TASK DETAILS — Exactly and only the lines from the line holding "Elegant and understated, this" to the end of the records should be reproduced. Leave pictures out.

SUPPLIED MATERIAL —
------------------------

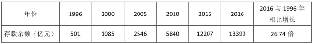 6、2016年城鄉(xiāng)居民人民幣儲(chǔ)蓄存款年末余額是1996年的26.76倍。
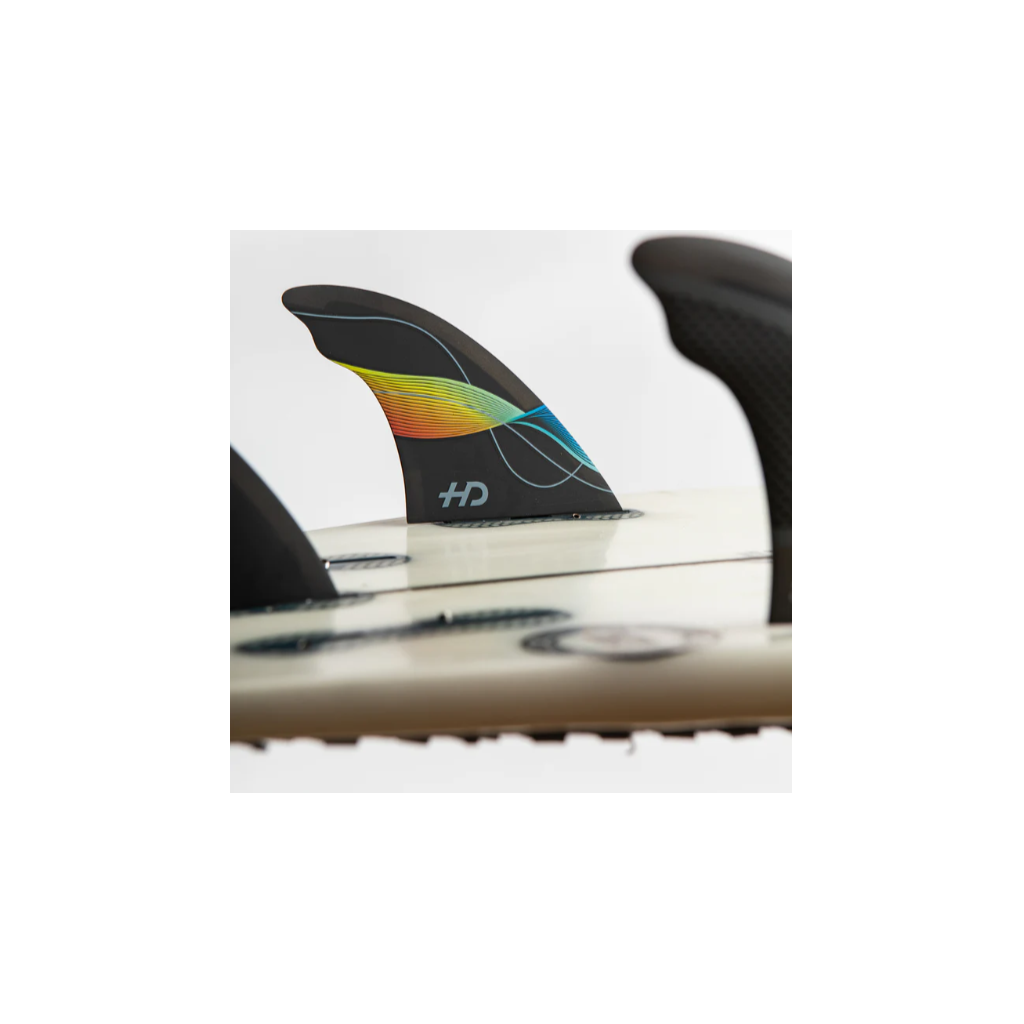 La série hydrodynamique mise sur des matériaux techniques pour rester légère tout en restant robuste. Sur la pratique quotidienne, ça se traduit par des ailerons moins fatigants pour la planche tout en résistant aux contraintes.
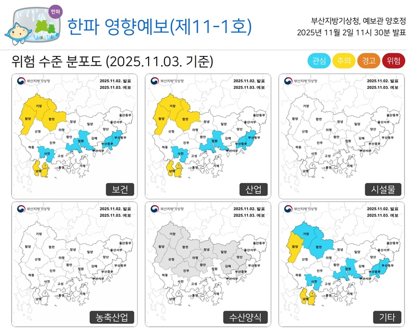○ 한파주의보: 경남서부(함양, 거창, 합천, 남해)
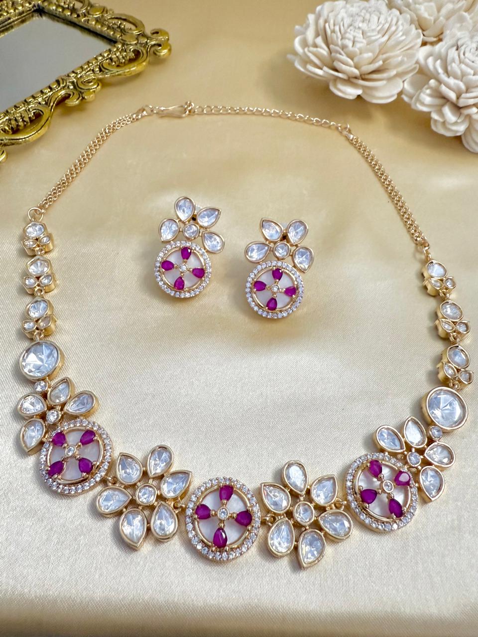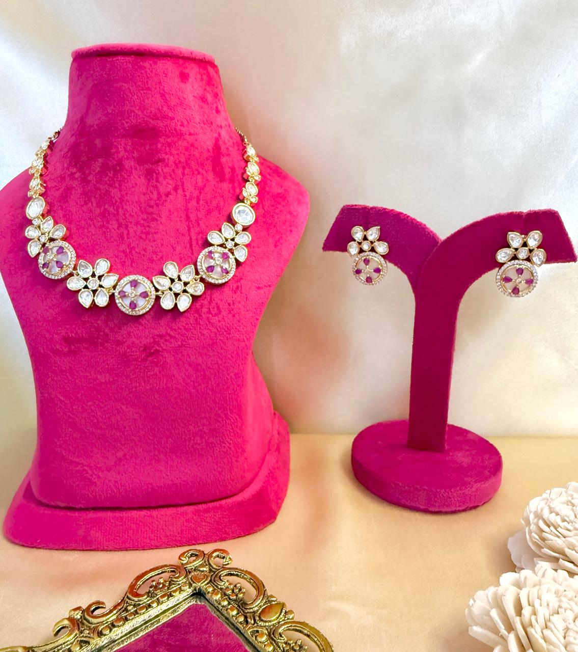 Elegant and understated, this Polki short necklace set pairs delicate craftsmanship with timeless charm — perfect for intimate occasions and festive soirées.
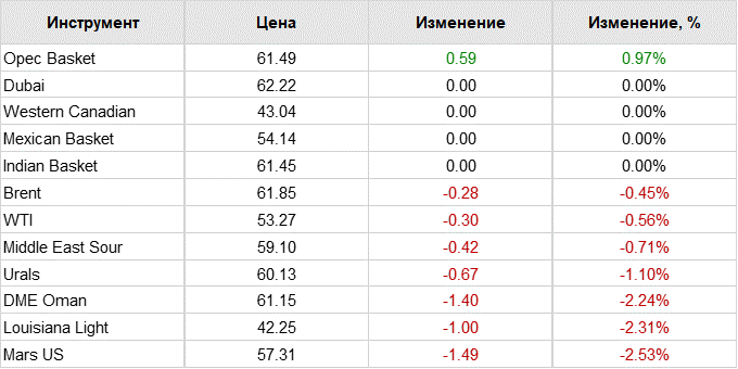 Фьючерс на WTI на март на электронных торгах Нью-йоркской товарной биржи (NYMEX) к этому времени подешевел на 4 цента (0,08%) — до $52,97 за баррель. Накануне стоимость нефти с поставкой в марте уменьшилась на $1,03 (1,91%), до $53,01 за баррель. Во вторник завершились торги февральским контрактом на WTI, который в последнюю сессию опустился на 2,3%, до $52,57 за баррель.
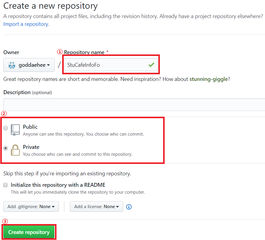 1) Repository name : 앞으로 사용하게될 저장소 이름, 결국 프로젝트 명이 된다. (깃헙 주소 뒤 프로젝트 명이 따라오는 것을 볼 수 있다.)
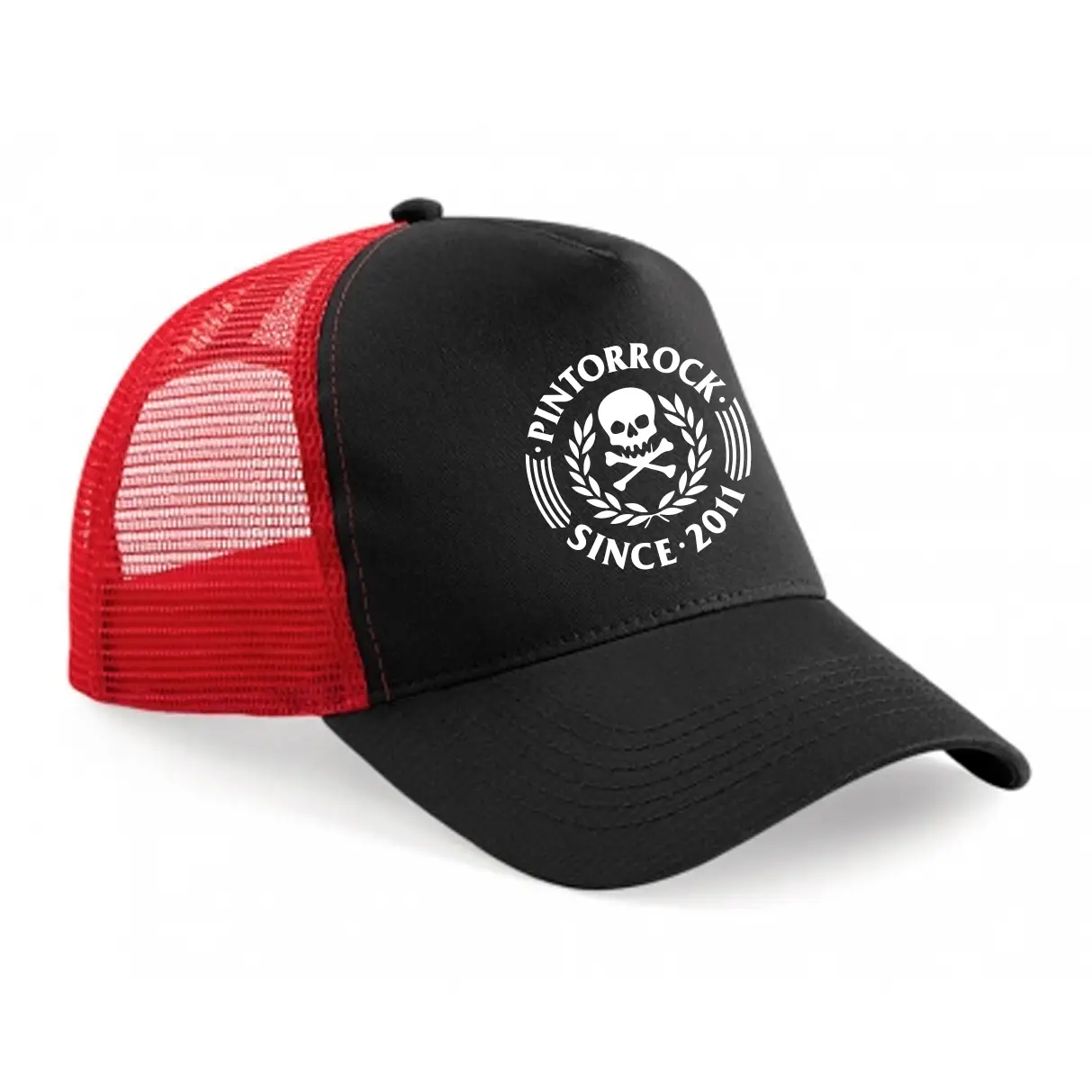 Gorra trucker PintorRock 5 paneles, panel frontal y visera color negra y roja. 100% algodón.

------------------------

RESPONSE —
 Elegant and understated, this Polki short necklace set pairs delicate craftsmanship with timeless charm — perfect for intimate occasions and festive soirées.
 Фьючерс на WTI на март на электронных торгах Нью-йоркской товарной биржи (NYMEX) к этому времени подешевел на 4 цента (0,08%) — до $52,97 за баррель. Накануне стоимость нефти с поставкой в марте уменьшилась на $1,03 (1,91%), до $53,01 за баррель. Во вторник завершились торги февральским контрактом на WTI, который в последнюю сессию опустился на 2,3%, до $52,57 за баррель.
 1) Repository name : 앞으로 사용하게될 저장소 이름, 결국 프로젝트 명이 된다. (깃헙 주소 뒤 프로젝트 명이 따라오는 것을 볼 수 있다.)
 Gorra trucker PintorRock 5 paneles, panel frontal y visera color negra y roja. 100% algodón.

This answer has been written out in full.